I switched to MatPlotLib, then Seaborn, but those couldn’t do factor plots. There’s a hack on StackOverflow for doing factor plots in MPL, but I also wanted Tableau-style filters and hover widgets, which I think Bokeh can do. I also didn’t want to learn so heavily on a custom MPL layout function. Widgets might be possible in MPL, but… I decided to bite hard into the Bokeh sandwich. So, after three or four other dead ends, here I am learning Bokeh! Which I have wanted to learn anyway.

1 Like

Absolutely, and we’re improving bit by bit. :slight_smile: Hence all the questions about how we can improve the error message.
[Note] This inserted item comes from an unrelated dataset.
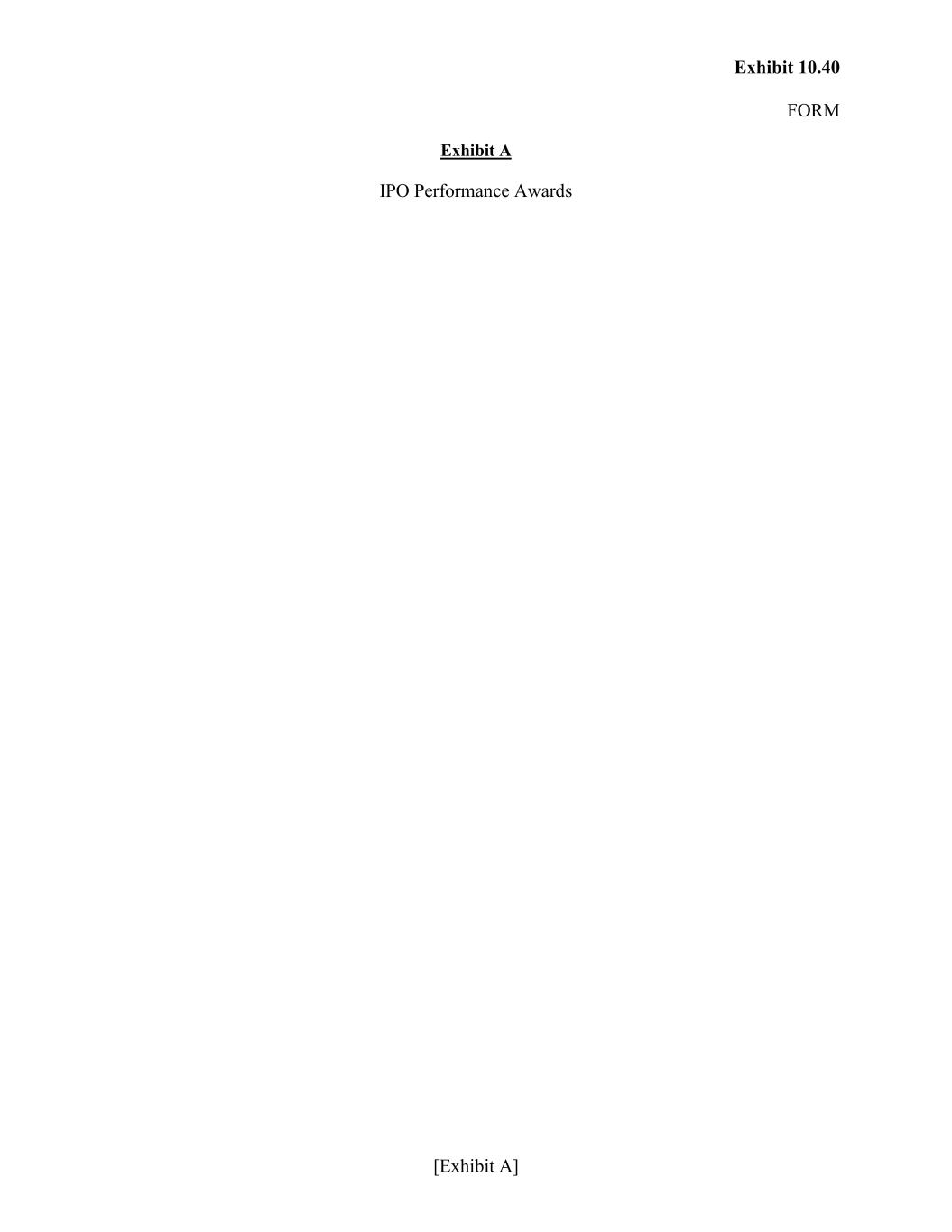 Exhibit 10.40 FORM [Exhibit A] Exhibit A IPO Performance Awards

WRT the plotting itself, so far Bokeh is the fastest library that I’ve found, especially when it comes to quite populated plots and interactions. Have been “selling” it to friends ever since.

I don’t have any experience with Tableau, so can’t really confirm anything. But “hover widgets” sounds like something we don’t have. If it’s something like “show an input field or a button when you hover over a data point” then it should be possible to implement even in user space, but it’s not trivial and requires some knowledge of web development in general.

In any case, glad you decided to learn Bokeh!